For both sides of the business, local guesthouses, hotels, and tourist attractions were essential.

“I used to zig zag down the road collecting orders from all of the guest houses,” Henry remembers, “We did everything from menus and business cards to theatre programmes and postcards.” 

Advert for Goodwin Sands Fashion Show, printed by the Martell Press

Advert for Goodwin Sands Fashion Show, printed by the Martell Press

As tourism faded in Thanet, so did Martell’s trade until only the Northdown Road shop remained, selling stationery and offering basic design, printing and copying services. The shop closed in 2017.

Using the Print Works archive:

The Print Works archives include hundreds of examples of material printed in a pre-digital age, including much related to Margate, Broadstairs, and Ramsgate. It includes print for seaside hotels, entertainment venues, and tourism businesses.

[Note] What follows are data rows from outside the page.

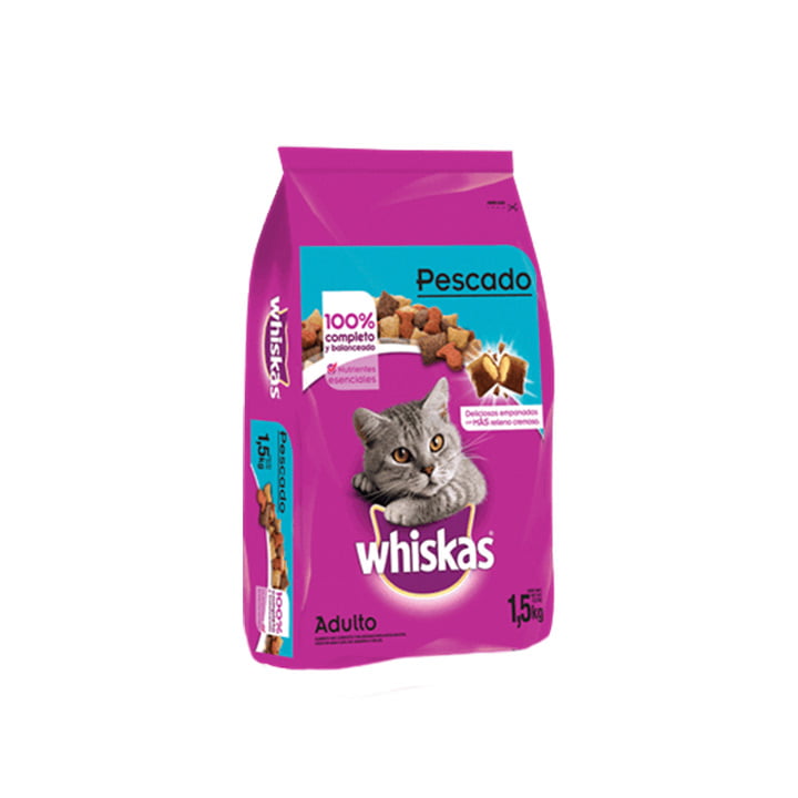 Adquiere el alimento sabor a pescado para tu mascota de la marca Whiskas en su presentación de 1.5 kg y su contenido alto en nutrientes, vitaminas y minerales necesarios para que tu mascota esté sano y contento, los encontraras en el área de mascotas.
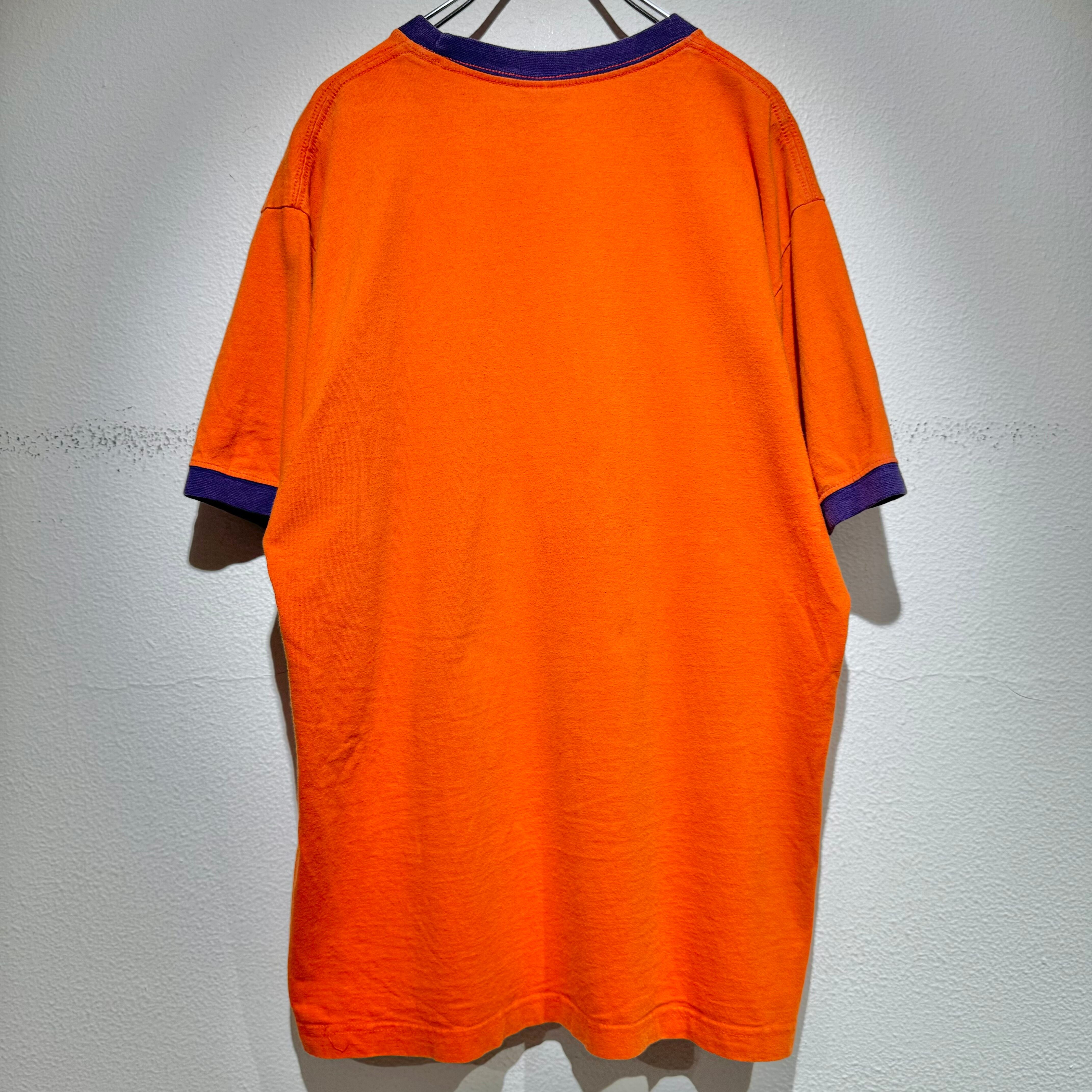 オレンジ×紫の配色が可愛らしいナイキのリンガーTシャツ。
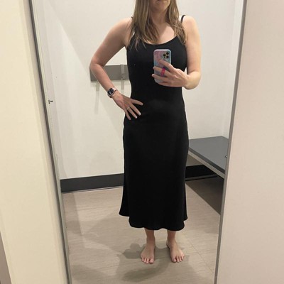 Create a standout look for brunches or nights out with this Midi Shift Dress from A New Day™. This sleeveless shift dress is made from midweight knit fabric with added spandex for all-day comfort, while the adjustable spaghetti straps provide a snug fit. Showcasing a scoop neckline and U-back for a flattering look, you can pair this midi shift dress with your choice of footwear and accessories to step out in stunning style.
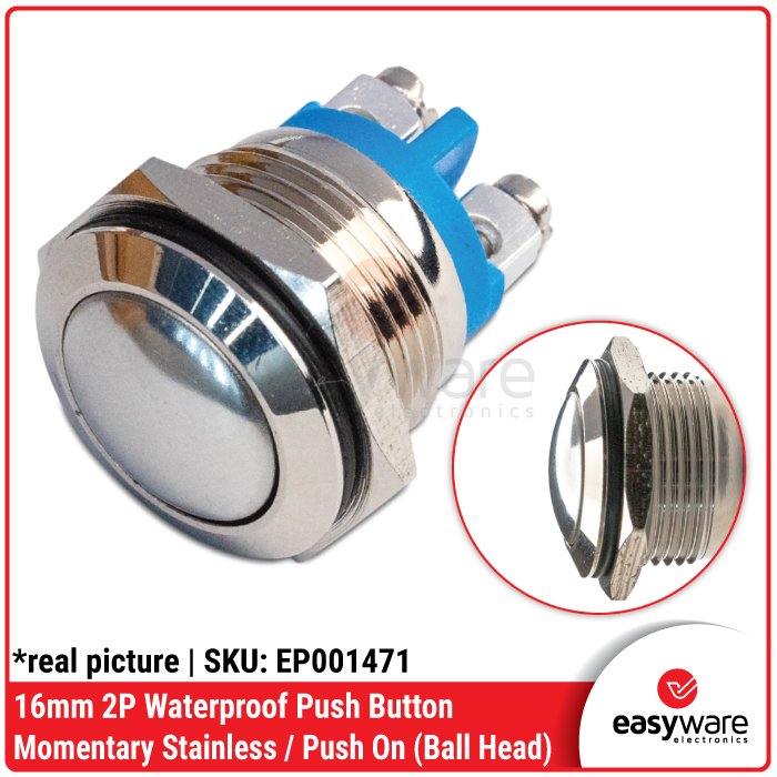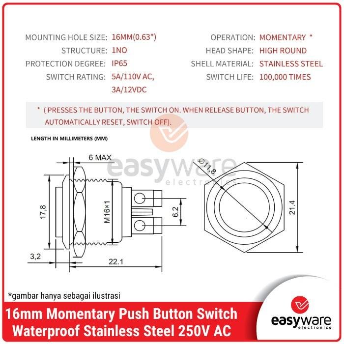 Momentary Switch 16mm Stainless Push Button On Waterproof Stainless

The archive also includes documents relating to working in the print industry in the 20th century, from apprenticeship indentures to certificates from a print factory’s Horticultural Club. There are documents relating to design, typography, and the move from analogue processes like typography to digital design and print.

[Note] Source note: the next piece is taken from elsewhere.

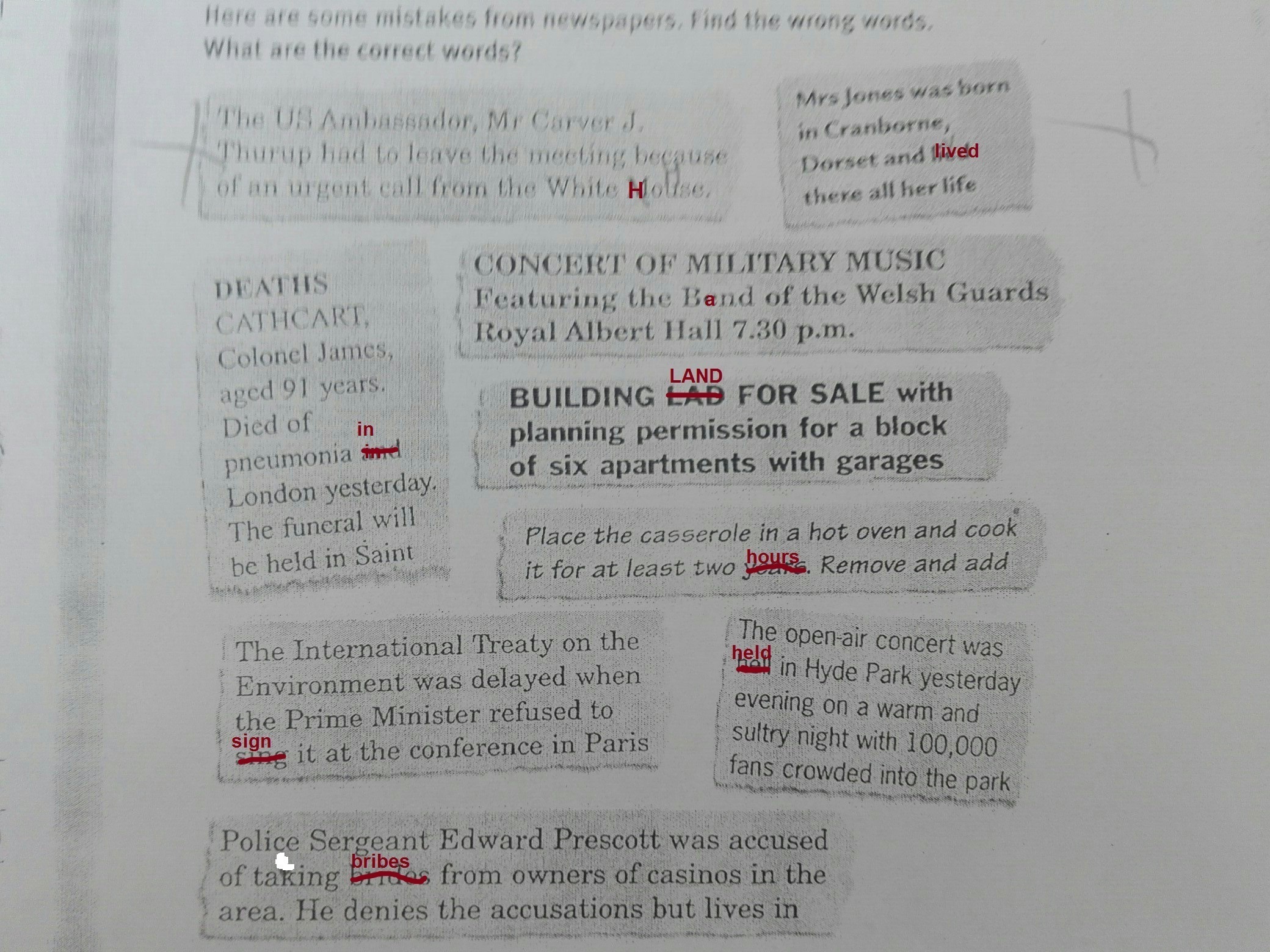 всем привет !Помогите мне с английским языком ,пожалуйста.Надо найти ошибку грамматическую ошибку в каждой рамочке.

The archive is new, so includes primary material not used before in academic research. It is held at a studio in Margate. For more information email dawn@appletye.org

Print Works is supported by a grant from the National Lottery Heritage Fund.

Print Works: Part Two – The Thanet Press

Special Collections & Archives has been working with Appletye – an artists’-led organisation based in Margate – to support their mission to record the Isle of Thanet’s rich printing heritage. In lieu of a physical display in Spring 2020 these guest blogs by Dan Thompson and Dawn Cole are our virtual equivalent – we hope you enjoy!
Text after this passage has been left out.